At present, 14 GJB3 gene mutations and 7 GJB4 gene mutations are reported at home and abroad, wherein the 7 GJB4 gene mutations are all autosomal dominant inheritance, the 3 GJB3 mutations are autosomal recessive inheritance, and the rest GJB3 mutations are all dominant inheritance. Mutations in the GJB3 gene often result in extensive and severe keratinizing lesions, with more severe disease, than localized keratosis due to mutations in the GJB4 gene.

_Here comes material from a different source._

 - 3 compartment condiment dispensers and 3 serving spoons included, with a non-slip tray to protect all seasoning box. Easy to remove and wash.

Most patients with this disease develop the disease in the first year after birth, and the disease tends to be stable with the increase of age, but not to be cured for a long time, and the disease can be aggravated by trauma, mechanical friction, mood fluctuation, temperature change and the like, and the main characteristics of the disease are migratory and variable erythema and relatively fixed keratotic plaque.
Disclosure of Invention
An object of the present invention is to provide a novel use of a substance for detecting single nucleotide polymorphisms at positions 34 and 474 of the second exon of the GJB3 gene.
The invention provides an application of a substance for detecting the polymorphism of single nucleotides at 34 th and 474 th sites of a second exon of a GJB3 gene in preparation of a product for detecting or assisting in detecting variable erythema keratosis.

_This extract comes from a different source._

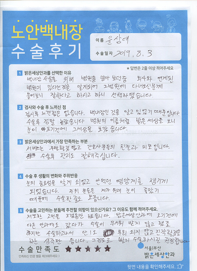 7. 처음으로 신체 부위 전체 제거 수술을 받았습니다. 작은 수술이었지만 인체가 완벽하지 않다는 것을 다시 한 번 깨닫게 해주었다. 그리고 최대한 오랫동안 교체하지 않은 눈에 남아있는 렌즈를 보관합니다. 이제는 눈의 피로를 피하기 위해 위를 올려다보는 습관을 들여야겠습니다. * 기록하여 나와 다른 사람에게 도움이 되기를 바랍니다.

The invention also provides application of the substance for detecting the polymorphism of the mononucleotide at the 34 th site and the 474 th site of the second exon of the GJB3 gene in detecting or assisting in detecting the variable erythema keratosis.
In the application, the substance for detecting the single nucleotide polymorphisms at the 34 th site and the 474 th site of the second exon of the GJB3 gene is a primer pair for amplifying DNA fragments containing the 34 th site and the 474 th site of the second exon of the GJB3 gene.

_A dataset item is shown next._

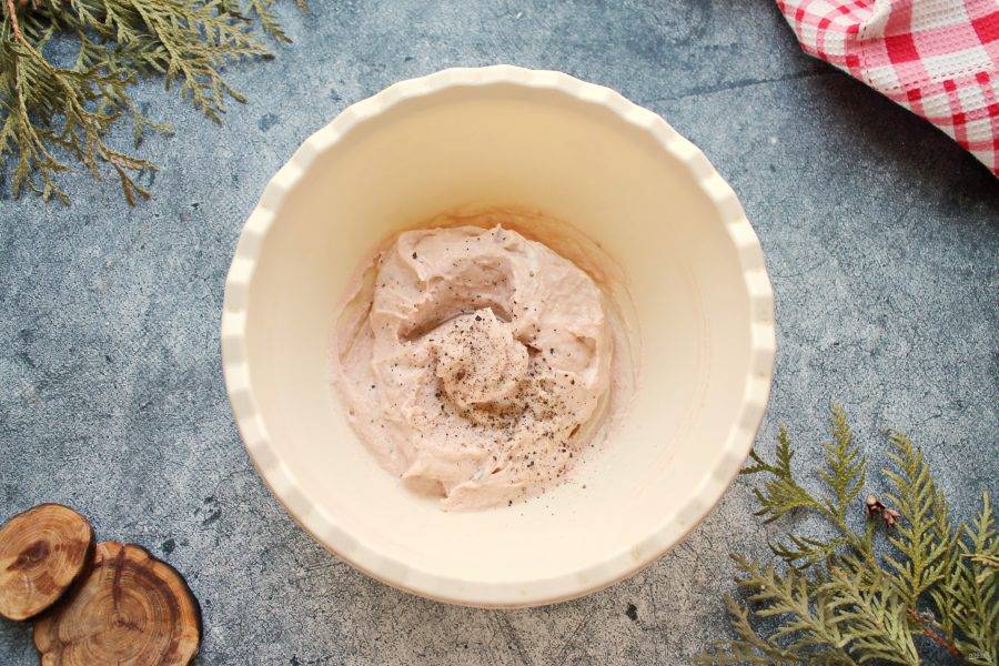 Готовый мусс доведите до вкуса при помощи соли и перца. Готовый мусс из малосольной горбуши сразу подавайте.

In the above application, the primer pair is 1) or 2):
1) a primer pair A consisting of a single-stranded DNA molecule shown in a sequence 2 in the sequence table and a single-stranded DNA molecule shown in a sequence 3 in the sequence table;
2) a primer pair B consisting of a single-stranded DNA molecule shown in a sequence A and a single-stranded DNA molecule shown in a sequence B;
the sequence A is a nucleotide which is obtained by deleting or adding or changing one or more nucleotides in the sequence 2 and has the same function as the sequence 2;
and the sequence B is a nucleotide which is obtained by deleting or adding or changing one or more nucleotides in the sequence 3 and has the same function as the sequence 3.
It is another object of the present invention to provide a kit for detecting or aiding in the detection of variable erythematous keratoderma.
The kit for detecting or assisting in detecting the variable erythema keratosis provided by the invention comprises a substance for detecting the single nucleotide polymorphism at the 34 th site and the 474 th site of the second exon of the GJB3 gene.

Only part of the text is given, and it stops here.